連なる恋心

レンside



レン、怒りを鎮めようとする&趣味の時間。

ぬおお...
俺のバナジューを飲んでいる琳夏を、柱の陰から睨む。
心の底から美味しそうに飲む琳夏。
──何でそうなるんだ!
俺は、母さんに怒られた。あの後、こっそりと家を出てバナジューを買いに行ったのだが、帰ってきてみると母さんが待っていた。
「レン?なーにをしてたのかなぁー?」
黙ってバナジューを見せると、母さんの左こぶしの鉄拳がとんできた。さっすが元ヤン✨とか言ってる場合じゃない。痛い、痛すぎる!しかしバナジューごときで殴られてる俺も俺だな。
そして、どうしたのーとのんきにやってきた琳夏に、母さんが俺のバナジューを与えたのだ!
──何でそうなるんだ!
怒りがふつふつと...
でも琳夏の幸せそうな顔でなぜかやわらぐ怒り。
ぷはー!と達成感満載の琳夏。
こっちに気づいた。
「レン、買ってきてくれてありがとぉ~」
おどけて言う琳夏。
「いやいや構いませぇんよぉ」
おどけて言う俺。
いや、構わなくねぇ!!
「お前なんで普通に飲めた!通常罪悪感で飲めんだろうが」
「えっ?」
きょとんとし、空の容器を見つめる琳夏。
「...飲めちゃった」
「飲めちゃったじゃねーよ...」
「もうっ、イイじゃん終わったことなんだから!」
ぷいっと顔を俺からそむけ、琳夏はスタスタと階段を上がっていってしまった。
なんなんだよアイツは...
迷惑極まりない!!
まあいい。

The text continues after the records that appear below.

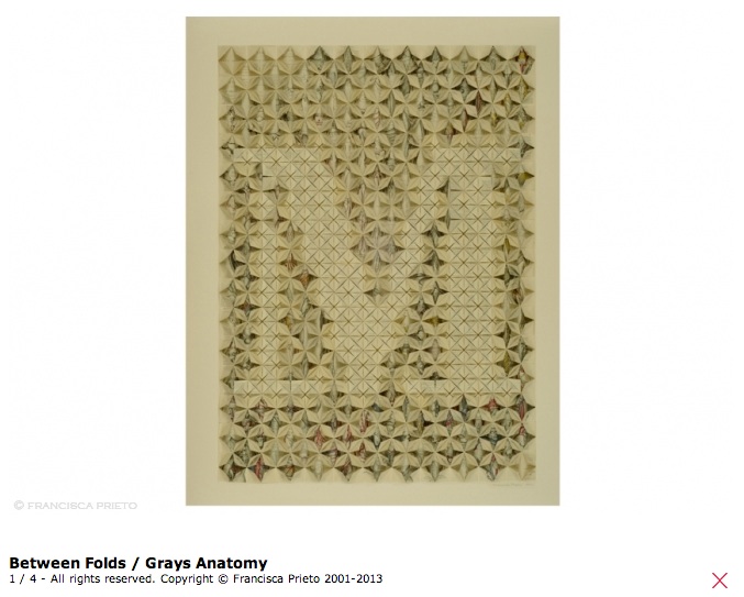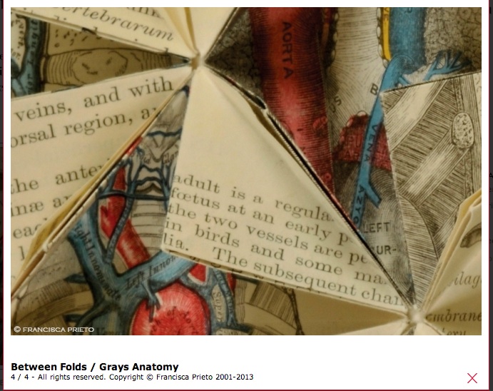 Underlined extends — or rather deepens — her series Between Folds, which according to her artist’s statement “explores pages of rare and damaged books or forgotten ephemera, emphasising the beauty and detail of print that would otherwise go unseen.” Prieto’s grounding in typographical design drives Between Folds as is obvious from the letters created from the pages of Grays Anatomy and Bartlett’s British Scenery.
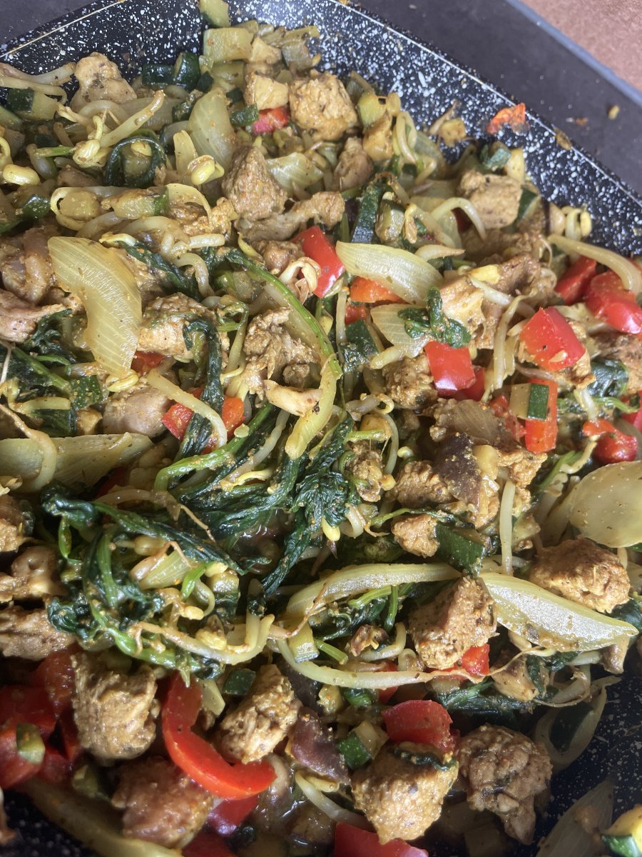 Ziet er goed uit! Wat zit er allemaal voor groenten in? Ik zie spinazie, ui, taugé, paprika, courgette, klopt? Doe je er ook iets van saus/kruiden oid in? En wat voor vlees(vervanger) is het?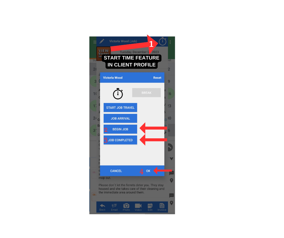 - Click “Begin Job” clock-in/out feature in client profile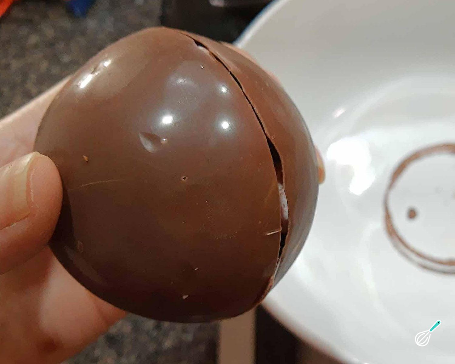 Para unir as metades das casquinhas simplesmente esquente um prato no microondas até ficar bem quente. Encoste no prato as casquinhas de chocolate sem marshmallow, com as beiradas viradas para baixo, para derreter ligeiramente o chocolate. Enquanto o chocolate está derretido junte essa casquinha de chocolate com uma das casquinhas de chocolate recheadas e pressione levemente, para grudar.
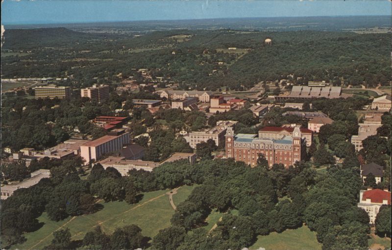 UAR-40 UNIVERSITY OF ARKANSAS FAYETTEVILLE, ARKANSAS Air-view by Bob Wyer, Delhi, N. Y. All rights reserved. 3201-C Pub. by Bob Wyer Photo Cards, Delhi, N. Y. HERE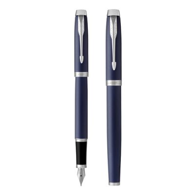 Pero plniace PARKER IM Blue CT -F-. Parker IM je ideálny partner s neobmedzenými možnosťami. Je elegantný aj vysokoprofesionálny a spoľahlivý. Ponúka odolný hrot z ušľachtilej nerez ocele, širokú paletu pevedení inšpirovaných tradíciou značky Parker, užívateľské pohodlie aj maximálnu výkonnosť. Mosadzné telo a vrchnák s lesklou lakovanou povrchovou úpravou. V kombinácii s doplnkami pokovovanými chrómom, s leštenou úpravou. Hrot z ušľachtilej nerez ocele.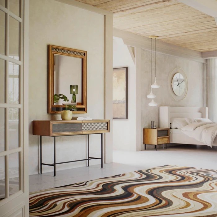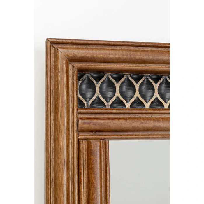 En dekorativ väggspegel som kombinerar spegelglasets rymd med en ram i massivt mangoträ. Den taktila reliefstrukturen ger karaktär utan att ta över, och den generösa storleken skapar ljus och rymd i hall, vardagsrum eller sovrum. Häng stående för en klassisk känsla eller liggande över en skänk – den rena ramen lyfter konst och textilier runtom och smälter in i både moderna och mer naturliga interiörer.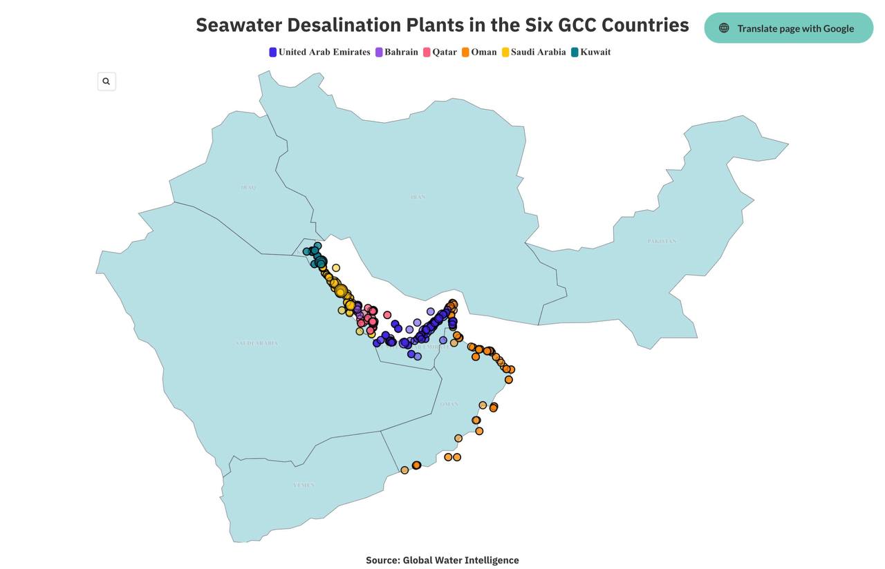 По оценкам, за счёт опреснения Катар получает почти 100% питьевой воды, Бахрейн и Кувейт — порядка 90%, Саудовская Аравия — около 70%, ОАЭ — 42%. В этих пяти странах живёт около 58–60 млн человек. Большая часть живет в крупнейших городах — Эр-Рияде, Джидде, Дубае, АбуДаби, Дохе, Кувейте, Манаме — там доступ к воде зависит от нескольких прибрежных комплексов, которые качают воду по трубам на сотни километров вглубь пустыни.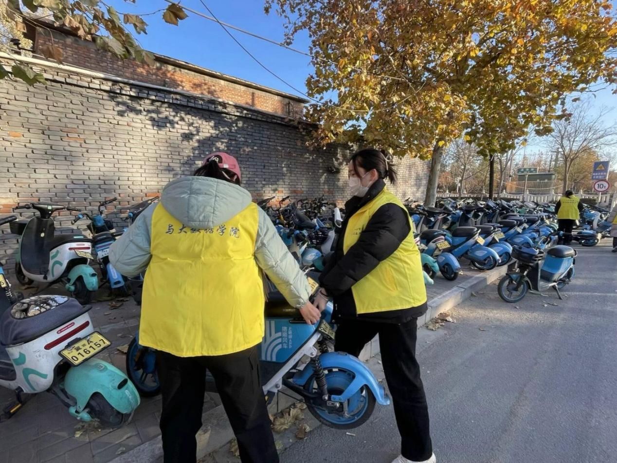 betway西汉姆联官网青年志愿者协会组织学生们于2023年11月29日上午8:00-10:00开展“合理摆放共享单车 争做城市劳动标兵”活动。

あいつの事を忘れて、しばし趣味の時間とするかね。
フフフと笑ってみた。結構キマッテルと思うがどうだろう。
手始めに、料理をしようと試みた。
といっても、全くの初心者。
昨日、TVで料理男子がモテると聞き、やってみようじゃないかと思ったのだ。
よしよし、目玉焼きから始めてみようかねーぇ。